Карета дернулась, и рука, занесенная было словно для удара, опустилась на сиденье, якобы чтобы удержать равновесие. Стюарт попросил кучера, насколько возможно, сдерживать лошадей, раз Эмма так боится быстрой езды. Впрочем, она и не собиралась его за это поблагодарить. Они смотрели друг другу в глаза.
— У вас хорошо получается строить предложения и растягивать слова, не так ли?
Он вначале не понял, о чем она, а потом осознал: она догадалась, что он заикается. Он усмехнулся и потянулся, раскинув руки по краю сиденья. Ему нравилось, что его раскусили. И то, что даже в гневе она употребила слово «хорошо», говоря о его речевых запинках.
— Очень, — сказал он и добавил: — И я сделал вам одолжение. Если речь идет всего лишь о вашей репутации, вы можете забыть об этом эпизоде. Все, беспокоиться больше не о чем.
— Вы очень легкомысленно отнеслись к моей репутации.
— Станнелы — приятные люди. Я не думаю, что ваша репутация в такой уж беде.
— Возможно, вам стоило объявить о том, что мы любовники, в палате лордов.

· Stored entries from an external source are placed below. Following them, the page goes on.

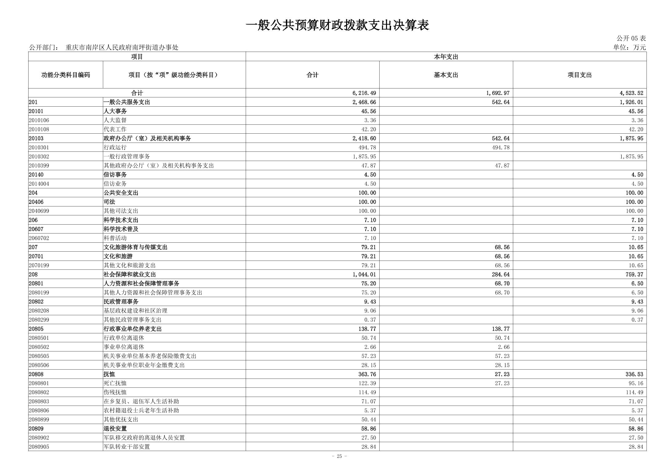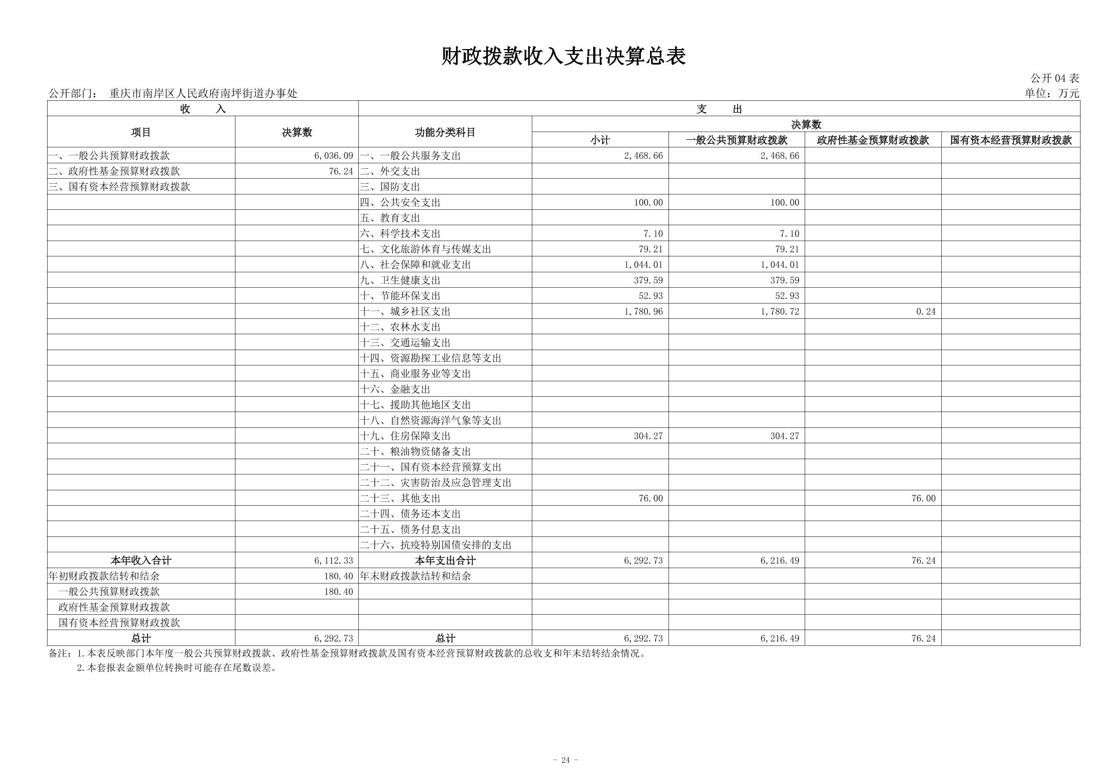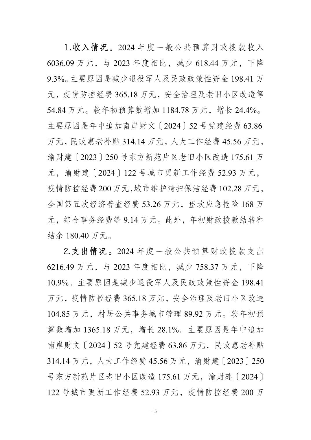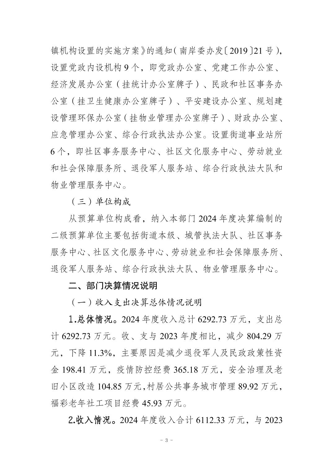 重庆市南岸区人民政府南坪街道办事处2024年度决算公开说明
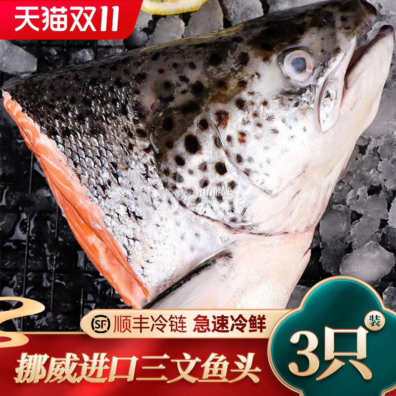 挪威三文鱼头3斤新切冰鲜冷冻大西洋鲑鱼边角料超大烧烤炖汤食材
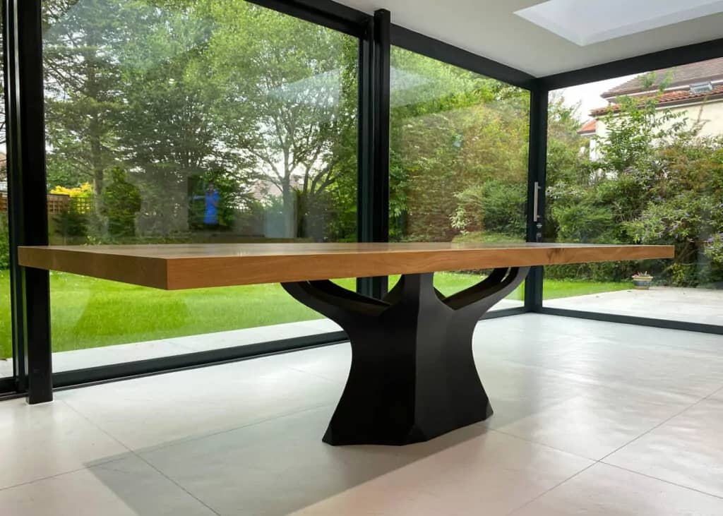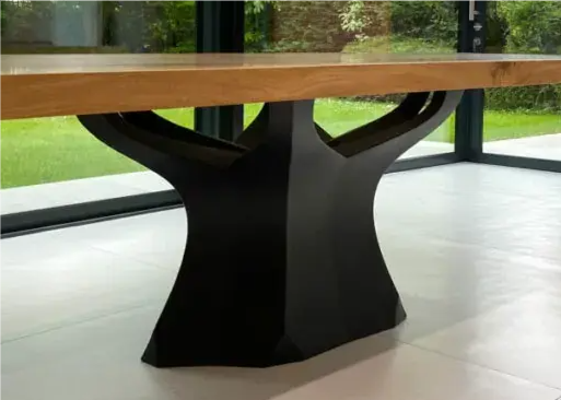Каждый изогнутый элемент этих многогранных оснований требует ювелирной точности при изготовлении. Вся работа выполняется исключительно вручную - от сварки конструкции до тщательной полировки каждого шва с обеих сторон. Прочное порошковое покрытие связывает плавные изгибы с цветом, создавая контрастную игру теней, что делает эти основания поистине уникальными.
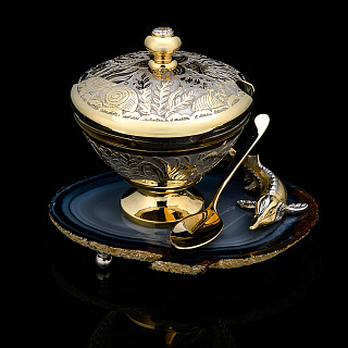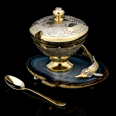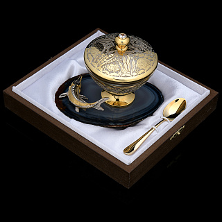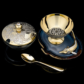 Питейный набор с икорницей «Купец с осетром». Златоуст
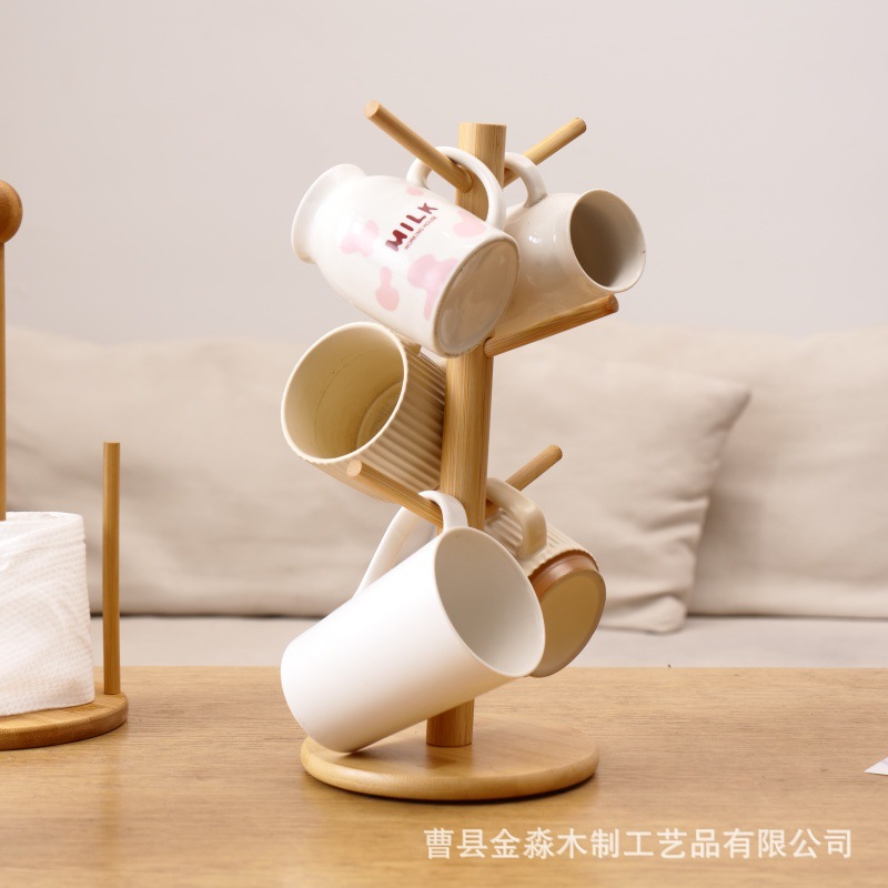 Wooden Kitchen Cup Holder, Paper Towel Storage Rack, Tree-Shaped Stand, Bracelet and Necklace Organizer, Home Drainage Rack, Solid Wood Shelf

— Я совсем не против. — Он улыбнулся. Так оно и было. Он был бы счастлив рассказать каждому встречному о том, как он это сделал. Он сам себе несказанно удивился. Удивился тому, что ему удалось сделать это, сидя верхом на стуле. Он бы с радостью хватал прохожих за воротники и говорил им: «Вы не поверите, что со мной произошло!» К тому же с такой прекрасной партнершей.
И эта его прекрасная партнерша сидела надув губы. Ему показалось, что Эмма вот-вот скажет ему что-то гадкое, попросит поцеловать ее в зад или что-то в этом роде. Затем она, видно, передумала. Из страха, что он действительно может это сделать. И в самом деле, он был бы не прочь. И эта мысль вновь заставила его улыбнуться. У него вообще было странное чувство — все время хотелось улыбаться. Й в самом деле, сегодня он улыбался больше, чем когда-либо в жизни.
Эмма презрительно скривила губы и отвернулась, глядя в окно.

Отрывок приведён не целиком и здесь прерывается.